Knowing that activation of μ‎-receptors in the hypothalamus can decrease lordosis (Pfaus & Gorzalka, 1987b; Pfaus et al., 1986) and that lordosis requires increased VMH electrical activity (Pfaff, 1999), μ‎-receptor inhibition of sEPSCs and mEPSCs in ventrolateral VMH neurons offers a possible mechanism for the effect of μ‎-receptor active opioid peptides on lordosis (Devidze et al., 2008). Second, because opioid peptides affect generalized CNS arousal (Pfaff, 2006), the effects of MERF and DAMGO on VMH illustrate how a generalized CNS arousal neurochemical can affect a specific manifestation of arousal: female sex behavior.

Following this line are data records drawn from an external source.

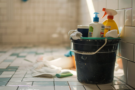 A yellow mop sits beside a bright bucket filled with cleaning solution, with bottles of detergent nearby. The setting is a damp, tiled room illuminated by soft artificial light.
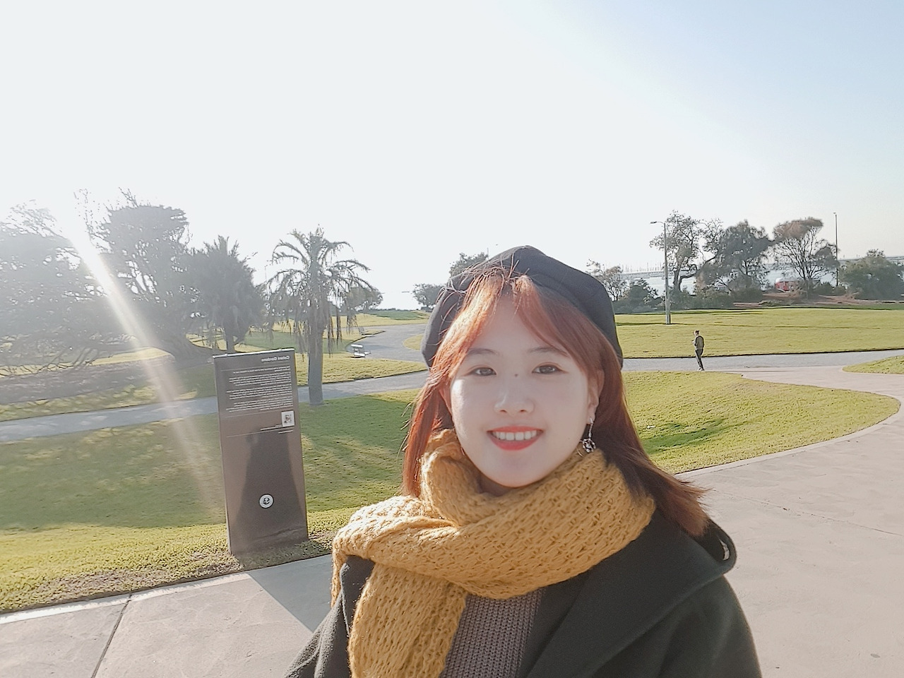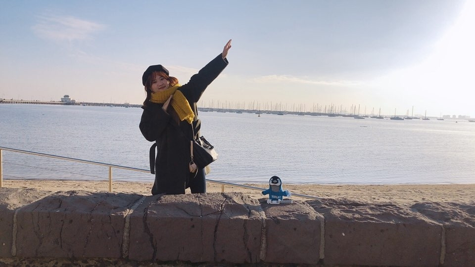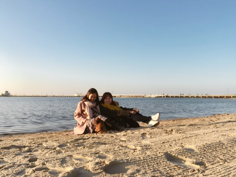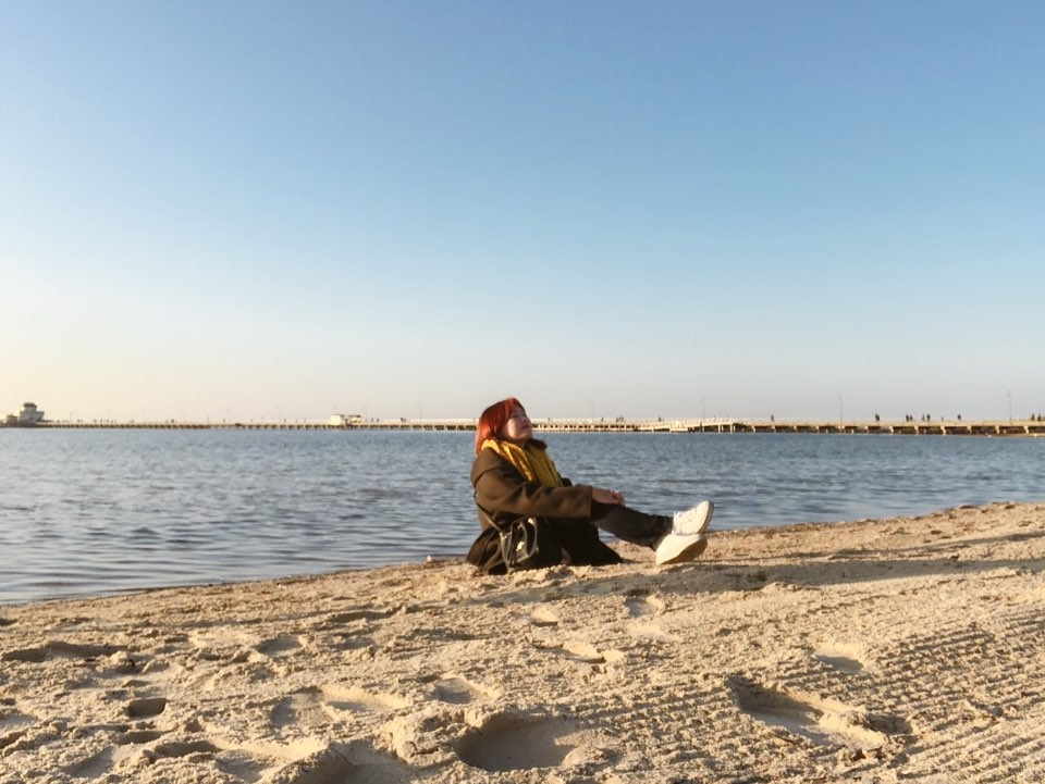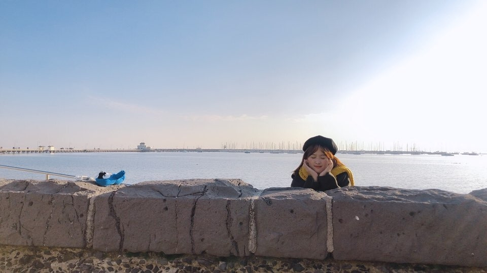 나는 바닷가 이미지를 떠올리면 백사장이나 노란 모래사장을 떠올리고는 했는데 세인트 킬다 바닷가는 그 옆에 카타니 공원에 있어서 그런가, 푸르른 잔디가 먼저 보였다. 모래사장과 맞닿아 있는 잔디밭. 그날의 옷과 햇살이 어우러진다 싶어 나의 모습을 사진으로 남겼고, 그 사진은 나의 호주 여행기 사진첩의 첫 번째를 장식한다.
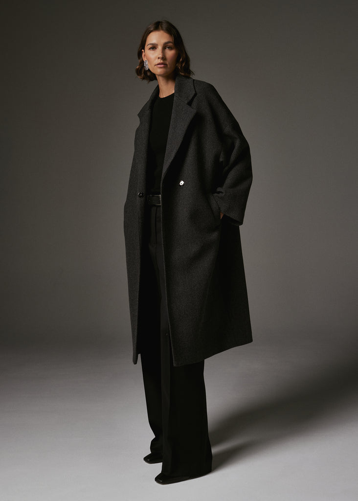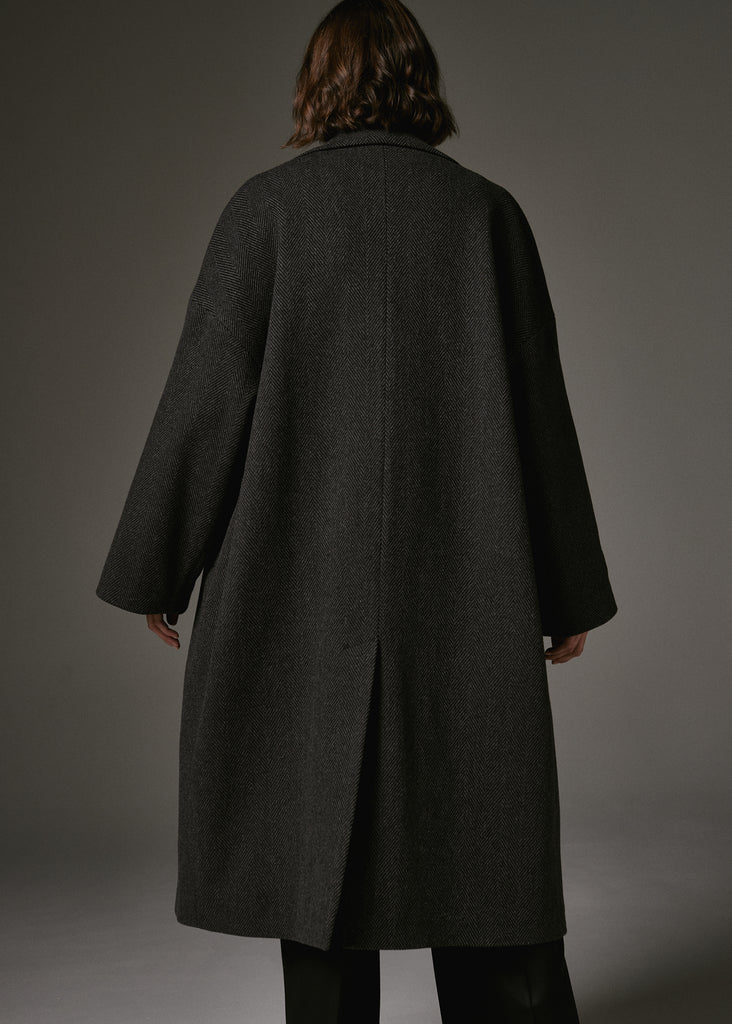 Tiesus kirpimas, plačios rankovės ir nuleisti pečiai, šiam paltui suteikia „oversized” jausmą. Dėl šio kirpimo, paltas džiugins ne tik rudenį, tačiau ir žiemą.
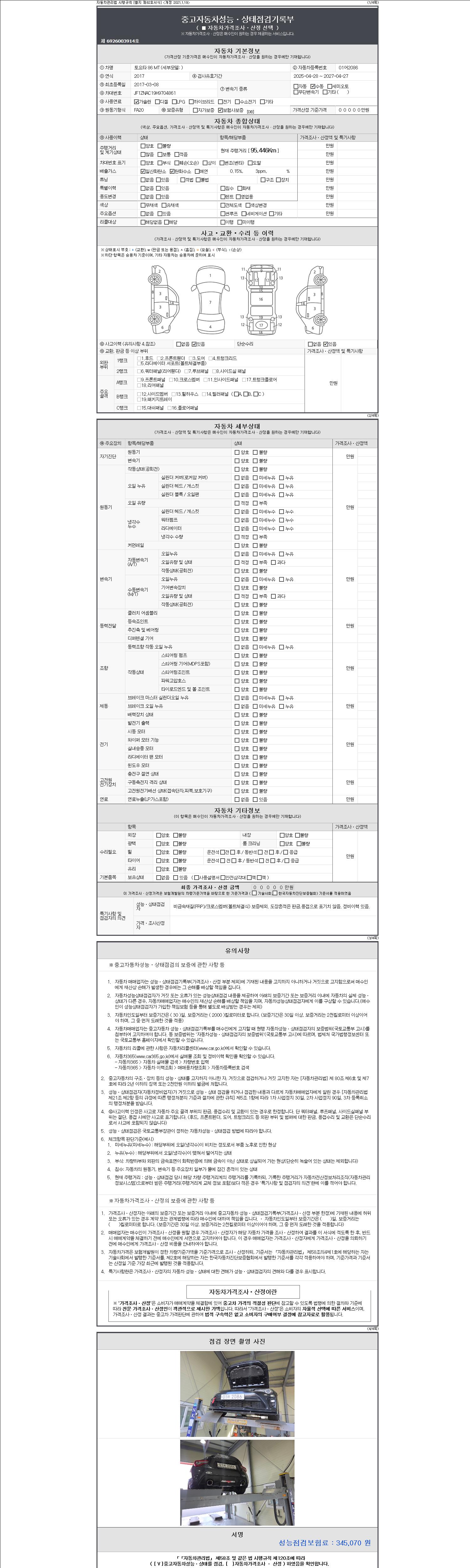 자동차관리법 시행규칙 제120조의 규정에 따라 별지 제 82호서식 《중고자동차 성능, 상태점검 기록부》를 발행한 성능, 상태점검자 및 매매자는 아래의 보증기간 또는 보증거리 이내의 중고자동차, 성능점검 기록부에 기재된 내용과 자동차의 실제 성능, 상태가 다른 경우 계약 또는 관계법령에 따라 매수인에 대하여 책임을 집니다.
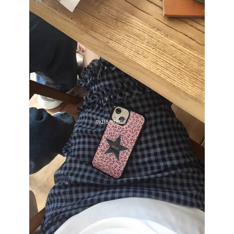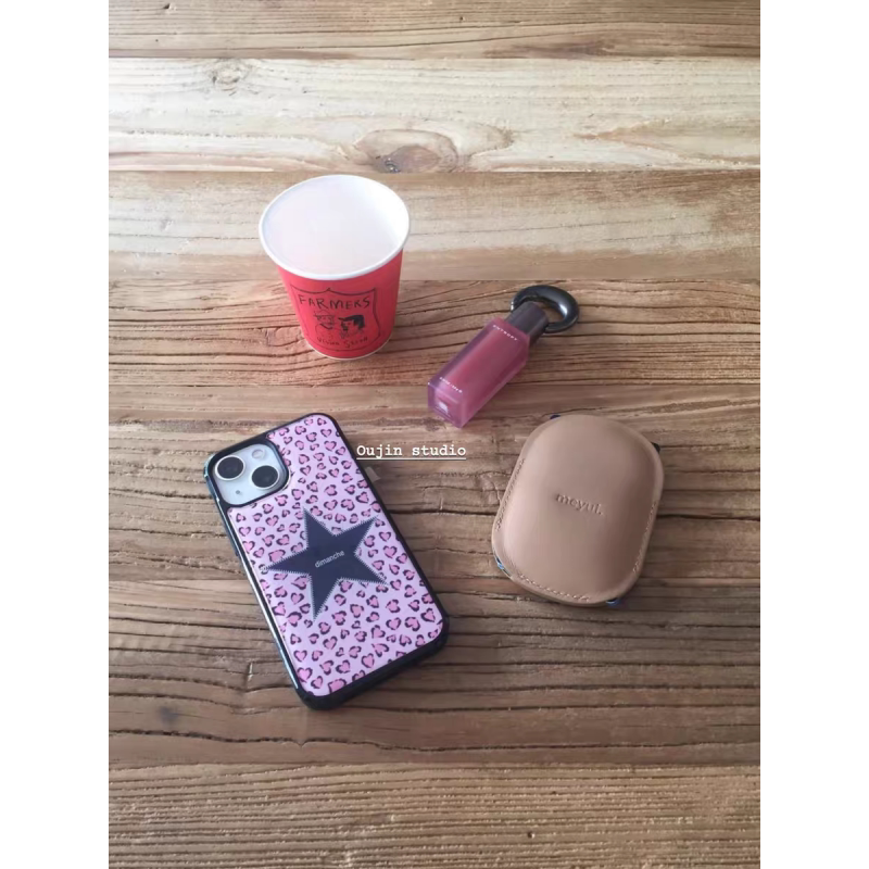 欧美风豹纹五角星亚克力黑边磁吸适用苹果iPhone16promax手机壳1312pro小米1415Pro华为mate60p70三星S23防摔
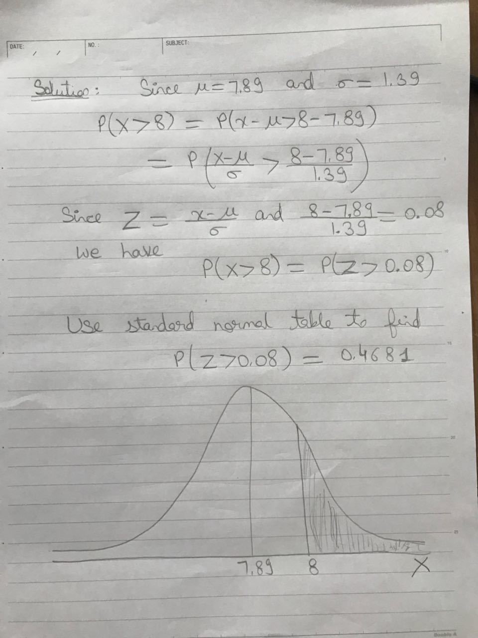 Solving it with a statistical calculator would give
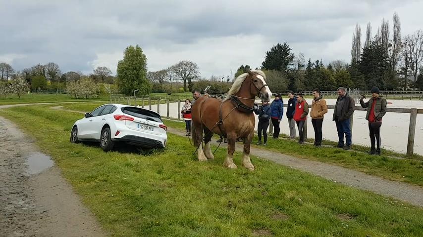 一個偉大的工作,馬管理相對容易拉車陷在溝裡, 城市蘭巴拉法國.
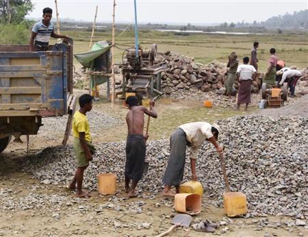 ミャンマー西部ラカイン州で、土木作業に従事する人たち=3月17日(共同)【拡大】
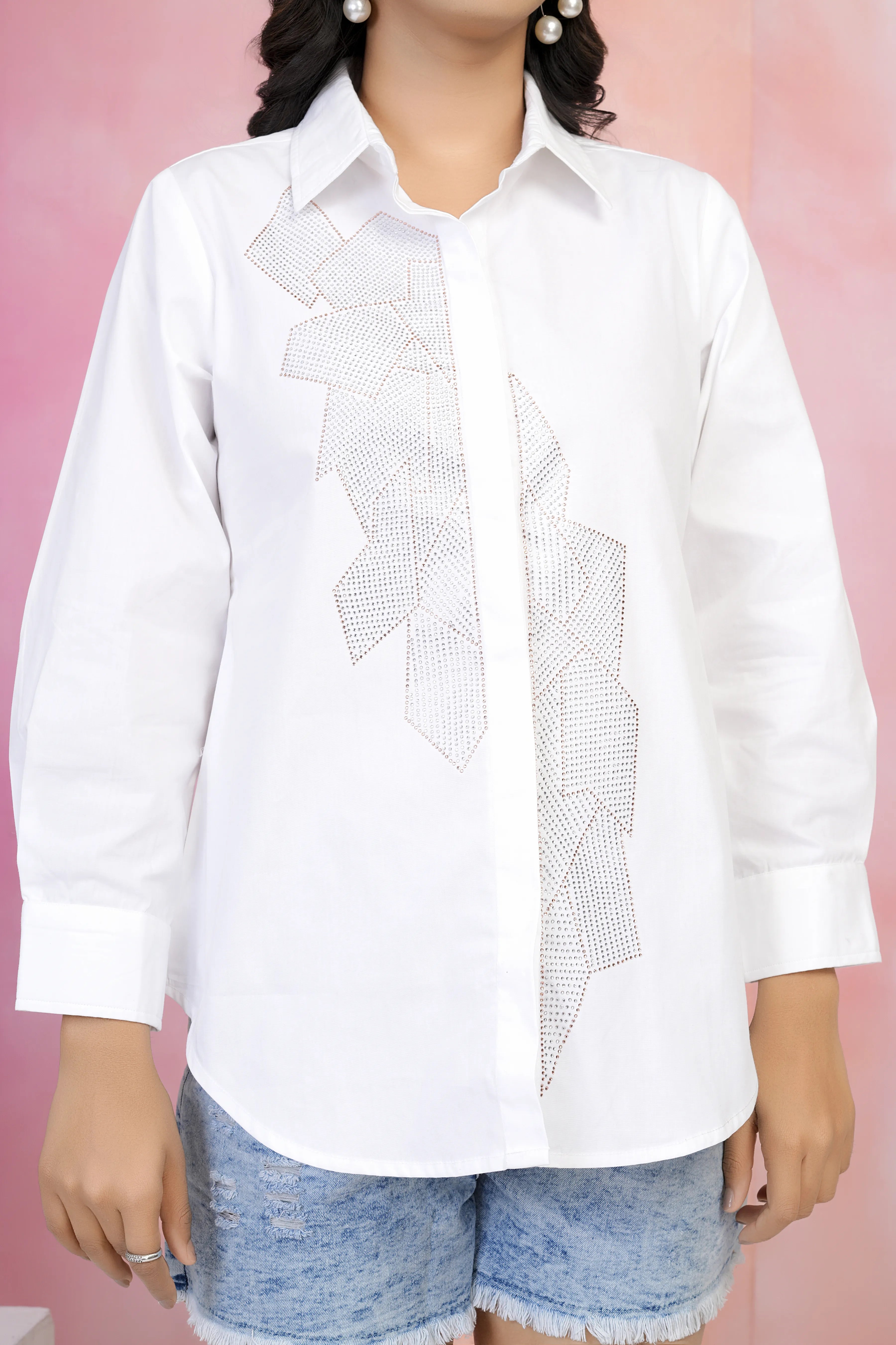 Refined and effortlessly chic, this White Cotton Shirt is a wardrobe essential for a polished and sophisticated look. Featuring a concealed button placket front with delicate rhinestone detailing, this piece blends subtle glamour with classic tailoring. The full sleeves and crisp cotton fabric ensure both comfort and timeless elegance.
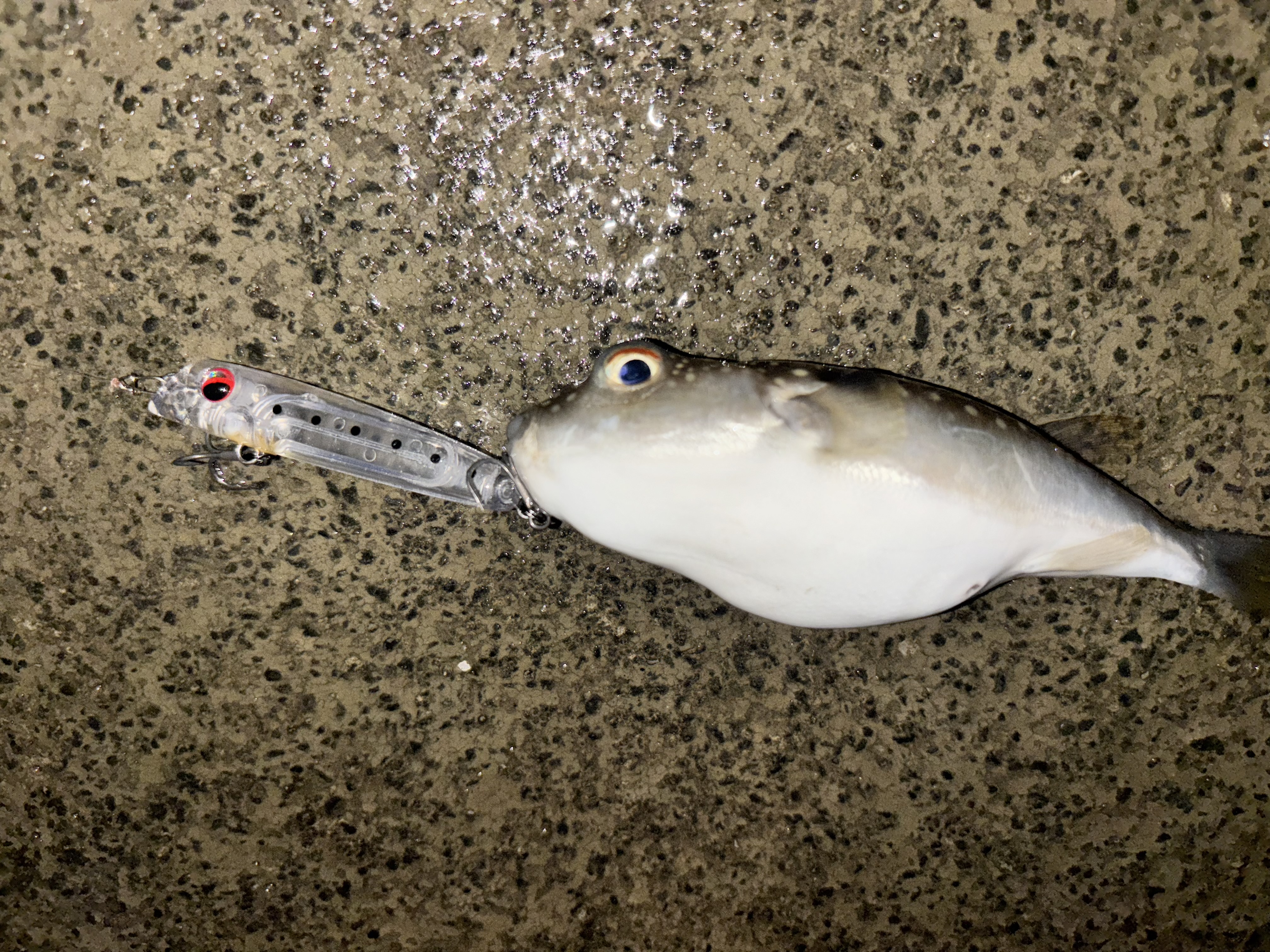 活性が上がってきたのか、短時間で色んな魚と遊べました!シラスのようなベイトが泳いでいましたが、こういうマイクロパターンにはクリア系の小さなスローシンキングミノーがバッチリです!
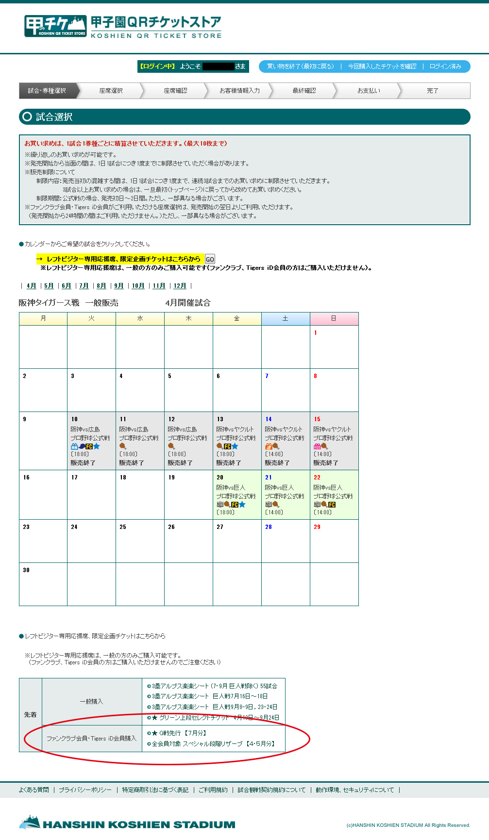 ファンクラブチケット特典「G戦先行」及び「スペシャル段階リザーブ」チケットの購入を甲チケで行う場合、カレンダー下にある表内の「G戦先行」及び「スペシャル段階リザーブ」からお進みください。※カレンダーからはご選択いただけません。

Mechanisms of Estrogen and μ‎-Opioid Receptor Effects

A study by Nguyen and Wagner (2006) (in which glutamatergic and GABAergic synaptic inputs in arcuate neurons were presynaptically inhibited by cannabinoids and differentially modulated by estrogen) showed that estrogen-mediated remodeling of excitatory synaptic transmission in vivo appears to be a widespread phenomenon. Further, estrogenic actions on VMH neuronal sEPSCs have been studied by Zhou, Pfaff, & Chen (2005), who showed that estrogen treatment increased spontaneous synaptic events in cultured female VMH neurons. With respect to mechanisms underlying this estrogenic effect, there is mounting evidence describing at least two causal routes for estrogens to affect synaptic transmission in the CNS. For a long time, most of estrogenic effects were attributed to classical nuclear estrogen receptors (genomic actions of estrogens). However, studies from the past two decades show that estrogens could rapidly alter neuronal firing within seconds; this action of estrogens was described as nongenomic, meaning that estrogenic actions could be exerted via other cellular mechanisms. One class of hormone receptors that could be involved are GPCRs (Kelly & Wagner, 1999); an integral part of this class would be opioid receptors. However, it should be noted that results by Devidze et al. could be explained either by genomic or by nongenomic hormone actions, and, in fact, those two have been shown to act in concert (Vasudevan & Pfaff, 2007).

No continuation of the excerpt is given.